What is Pediatric Melanoma?
Pediatric melanoma incidence had been increasing by approximately 1.7% per year from 1975 until 1994 when it began decreasing. The biggest increase in recent decades has been in girls ages 15-19, which may be attributable to girls sunbathing and using tanning beds more frequently than boys. Approximately 400 cases of melanoma are diagnosed each year in patients younger than 20 years old in the United States.
Pediatric melanoma can be divided into three main categories: conventional melanoma, melanoma arising in a congenital melanocytic nevus, and spitzoid melanoma. Differentiating between these subtypes is important because each type has different treatment options, risk factors, and histological findings.
Pediatric Melanoma Risk Factors
Although the cause of melanoma in children is not known, certain attributes, characteristics, and exposures make it more likely that a child will develop this type of cancer. These risk factors include:
- Giant melanocytic nevi
- Prolonged exposure to sunlight, though less of a factor in children than adults.
- Red or blond hair, blue eyes, freckles
- A tendency to sunburn and not tan
- A large number of moles
- A family history of melanoma
- Immunosuppression, immunodeficiency
- History of retinoblastoma
- Certain inherited disorders including xeroderma pigmentosum and Werner Syndrome
Not everyone with risk factors develops melanoma: however, if your child has risk factors, you should discuss them with a physician.
What are the Symptoms of Melanoma in Children?
Pediatric melanoma usually first appears as a suspicious mole. Symptoms may include:
- Change in shape, color, or size of a mole
- A mole without color or pigmentation
- A mole that is painful or appears as a sore that doesn’t heal
- A mole that itches or bleeds
- A lump that looks shiny or crusty
- A dark spot under a fingernail or toenail not caused by trauma to the nail
Remember that most moles are not melanomas, and the appearance of moles can be a normal occurrence in children up until puberty, as the development process continues.

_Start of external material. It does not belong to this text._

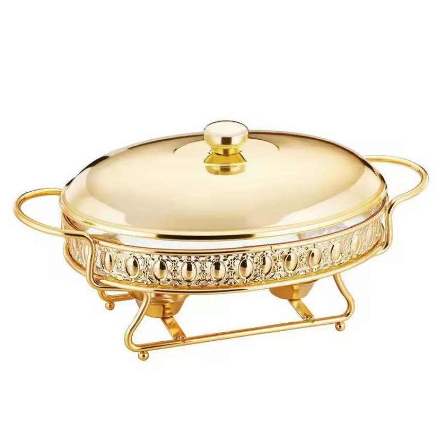 金色2L椭圆型花边玻璃酒精炉

This presentation is part of AIM at Melanoma’s Living with Melanoma Symposium co-hosted with Moffitt Cancer Center on September 18, 2019, in Tampa, Florida
How Can Melanoma in Children be Prevented?
Because we don’t know what causes pediatric melanoma, it’s not logical to list ways to prevent it. But researchers do believe that early and extensive sun exposure is a risk factor, and of the risk factors listed above, it’s the only one that can be controlled. Therefore, the most important preventive step you can take to protect children is to reduce their direct exposure to UV rays. Every child needs to wear sun protection. The lighter your child’s natural skin color, the more protection it needs. But both dark- and light-skinned kids need protection from UV rays because any tanning or burning causes skin damage and can lead to developing melanoma or other skin cancers. Make sure your kids:
- Avoid sun/seek shade between 10 am and 4 pm when the sun rays are at their strongest
- Wear UV protective clothing and sunglasses. Look for sunglasses that offer 100% UV protection
- Use a broad-spectrum (UVA/UVB) sunscreen—SPF 30 or higher—whenever they are in the sun
- Never use indoor tanning devices
Babies under six months of age should be covered head to toe. Their skin is thinner and unable to protect itself from UV rays. After six months of age, they can use sunscreen, but it’s still safer to keep them clothed and protected rather than rely on sunscreen entirely.
The ABCDEs for Children
Each month you should check your child’s skin for the ABCDEs–but the ABCDEs are modified for children. Look for spots that:
- are Amelanotic (lack color)
- are Bleeding or raised
- have Color uniformity
- are De novo (new)
- are Evolving (changing)
Look for so-called Ugly Ducklings: any mole/spot that looks different (larger, smaller, darker, etc.) from the others on your child’s skin.
Also look for moles, bumps, or wart-like spots on your child’s skin that are pink or yellowish or that itch or bleed.
If you find anything suspicious, contact your healthcare provider. And schedule an annual skin check appointment for your child with a dermatologist.